I also think there is a lack of solidarity from women who do not work. Schools and neighbourhoods could operate with fewer demands on parents (mothers), but there is insufficient pressure for them to change.

1 ( +1 / -0 )

all the women in my department used up all their annual leave (20 days) due to issues with their kids. The moment thekid would get a sniffle, the nursery school or kindergarden would call up the mother to come pickup their kid. Employers won't put with these situations and you cannot blame them.

So they used their state guaranteed and bloody-well earned annual leave (note" "vacation time" for everyone else) to take care of their kids and employers won't "put up with these situations"? And we shouldn't blame these poor corporations for discrimination? Maybe this is obvious but seems like it may not be for you Mr. Watts; without parents taking care of kids when they are sick there are no people to buy products and no bodies to fill positions. Can I blame companies for taking and not giving back? You bet I can and do.
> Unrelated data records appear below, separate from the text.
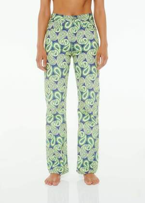 GIVE A POP OF COLOR TO A BASIC OUTFIT WITH THESE PRINTED TROUSERS! IN A PAISLEY PATTERN, CONTAINING BLUE, YELLOW AND GREEN; THEYRE SUPER EYE-CATCHING AND UNIQUE. THESE TROUSERS HAVE A RELAXED FIT AND ARE SLIGHTLY HIGH WAISTED. *runs small. 100% Organic Cotton Made in Portugal
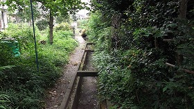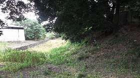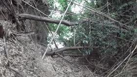 | 神社南側の竪堀。下は井野川の断崖である。 | |
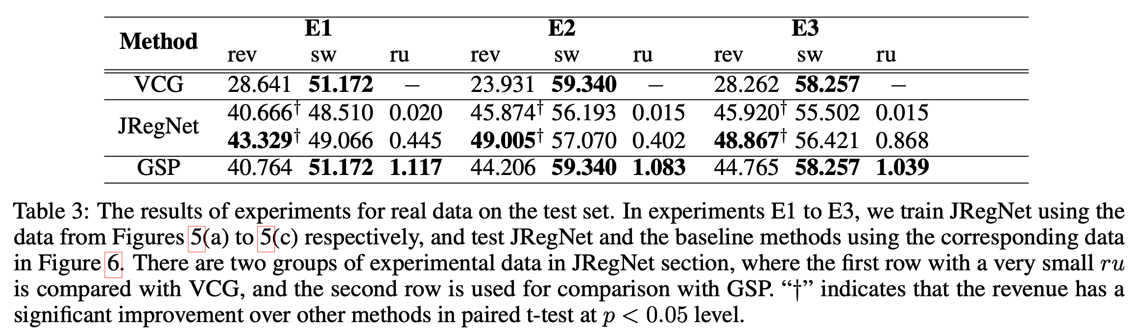 • 使用三个不同时间段的真实数据训练JRegNet,并分别用三个时间点的数据测试。附录A.2的图5与图6展示了训练与测试所用的真实搜索查询样本数量。表3列出了所有真实数据实验中JRegNet、VCG与GSP在测试集上的性能表现(GSP为美团在联合拍卖场景中最初采用的在线机制)
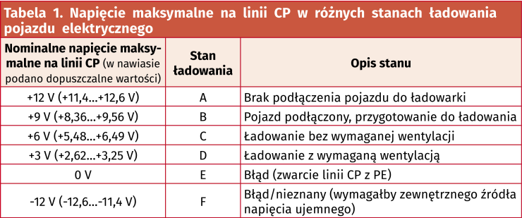 W tabeli 1 opisano stany ładowania samochodu elektrycznego oraz wartość maksymalną napięcia na linii CP. Łatwo można policzyć, że te wartości napięcia są możliwe do uzyskania na linii CP (mierzone na złączu J1, nie J2!), jeżeli w obliczeniach dotyczących dzielnika rezystorowego uwzględni się spadek napięcia na diodzie D1. Ulega ona zatkaniu przy napięciu chwilowym niższym od zera, więc ujemne części sygnału PWM nie będą dzielone - wartość minimalna sygnału zawsze powinna wynosić około -12 V.

I am a man and I used up most of my annual leave on child care sick leave but no one ever asked me about my plans to have a baby in the future. What do we call that I wonder?

0 ( +1 / -1 )

It's not Abe's doing. It's the employers. How obvious is that? Hello, the latter are the ones throwing up the barriers; the former urging them to bring them down.

-1 ( +1 / -2 )

It is not just women who meet the age bar. I have seen adverts stating the cut off age as 28. Unless Abe has the guts to revise employment law and enforce it with jail time for company execs who flaunt the law then nothing will change. Japan is just a society with so many prejudices. Age, sex, race, social status, family name to name but a few.

1 ( +1 / -0 )

This is all a bunch of gobbledy-gook. The issue isn't the politicians themselves or the lack of people standing up to the issue - the society itself is broken. The young can't criticize the old, the old cling to traditions worthless in today's economy, and the apathetic feel they can't do anything, so they don't. BROKEN.